L'11 marzo 2011 lo tsunami prodotto da un terremoto colpì la costa orientale del Giappone provocando (anche) il peggior disastro nucleare dai tempi di Chernobyl (26 aprile 1986).
L'onda che ha colpito la centrale nucleare di Fukushima ha messo fuori uso due reattori e gli impianti di raffreddamento di almeno una piscina di stoccaggio del combustibile esausto, con conseguenze drammatiche, che hanno portato all'evacuazione di oltre 100.000 persone che probabilmente non potranno mai rientrare nelle loro case.
Messi di fronte alle conseguenze di un disastro nucleare, era sembrato che i leader politici di tutto il mondo volessero procedere alla progressiva, ma definitiva, denuclearizzazione. Tuttavia, anche se gli investimenti in queste tecnologie hanno subito una iniziale battuta d'arresto, in particolare in Occidente, oggi sono ripresi: come si può vedere dal grafico, sono centinaia i rettori operativi e decine quelli in costruzione.

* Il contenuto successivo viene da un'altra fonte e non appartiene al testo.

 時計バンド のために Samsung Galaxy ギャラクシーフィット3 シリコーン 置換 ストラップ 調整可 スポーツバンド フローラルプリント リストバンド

Fukushima o no, l'energia nucleare nel mondo cresce, soprattutto in Asia. Solamente in Cina i reattori in costruzione sono 24: in attività aumenteranno la capacità elettronucleare del Paese del 66%.

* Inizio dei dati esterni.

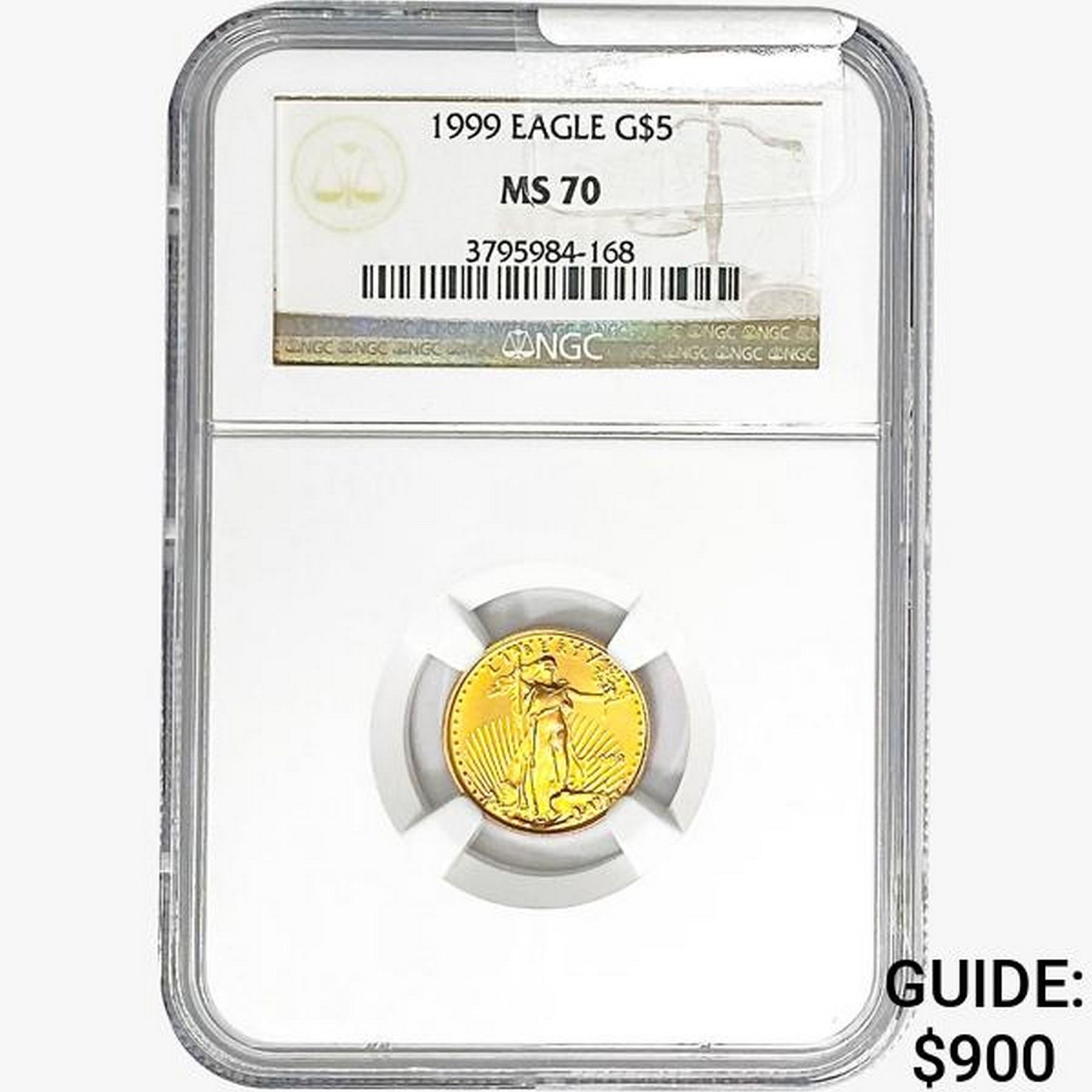 1999 1/10oz $5 AGE NGC MS70

Ancora oggi la situazione a Fukushima è critica: non solo è impossibile fare previsioni per un ritorno alla normalità, ma in futuro potrebbero esserci altre e ancora più serie conseguenze. Tuttavia per molti Paesi, in particolare per le economie in rapida crescita e affamate di energia, il nucleare è una soluzione, spesso rivestita anche da motivazioni ambientaliste che fanno riferimento alla necessità di ridurre le emissioni prodotte dagli impianti a combustibili fossili.